Because all the existing rich countries of the world are doing so well at that. I reckon a richer Africa will lead to more pollution. Meet back here in fifty years to see who's right?
ThistleSquall:
How ridiculous. Surely you can see that every single person who dies of malaria probably matters very much to someone else.
I'm sure they do. And that's why I called my preferential regard for those I love 'selfish'. It's in opposition to the belief that I hold that the excess of humanity is destroying this planet. The rest of your post assumes that I view humans as intrinsically more valuable than other animals; I don't.
GenYus: What about an animal you don't know personally vs a human you don't know personally?
That's a very good question
If it was a human I didn't know personally against an endangered animal, I'd go for the animal.
If it was a human I didn't know personally against a cute ickle kittykat, it would be more of a dilemma.
On the one hand, cats ain't exactly endangered.
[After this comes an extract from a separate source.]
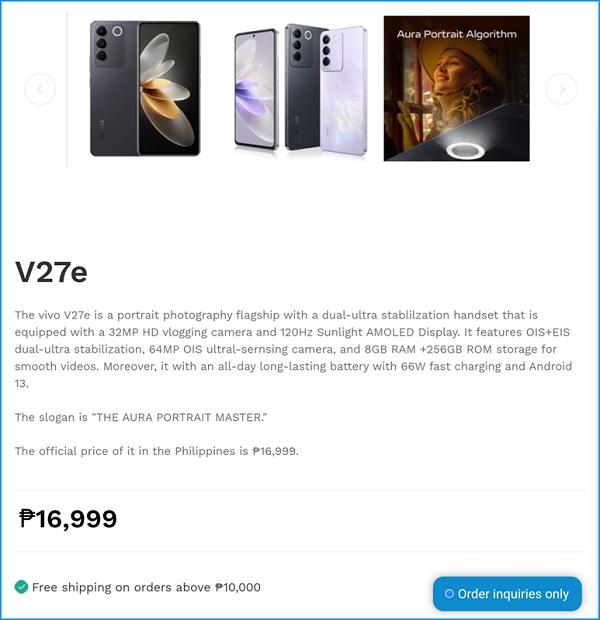 Vivo V27e chính thức được trình làng vào tháng 3 và tại buổi ra mắt hãng đã công bố giá bán là 289 USD (khoảng 6,8 triệu đồng). Tuy nhiên, mới đây chúng tôi đã kiểm tra giá bán của V27e trên website của Vivo tại Philippines thì con số là 16.999 PHP (xấp xỉ 7,2 triệu đồng), cao hơn mức giá hãng đã công bố.

On the other hand, I have cute ickle kittykats of my own. On the third hand, I'm as much a slave to social pressure as the next woman, and choosing the cat above the human would pretty much lead to my being reviled...
I suspect that in practice, I'd Unresponsive Bystander until the question was moot. And I wouldn't feel good about that, either.
It's been said that the more rabid environmentalists don't so much love animals as hate people, and you know, I think that's actually true. The way I'm portraying myself in this thread is an outbreak of my more rabid past, which was from a time when, well, humans other than my immediate family had largely failed to give me any particular reason to value them. Developing a large social network has happened at much the same time as a softening of my views, and I don't think that's coincidental.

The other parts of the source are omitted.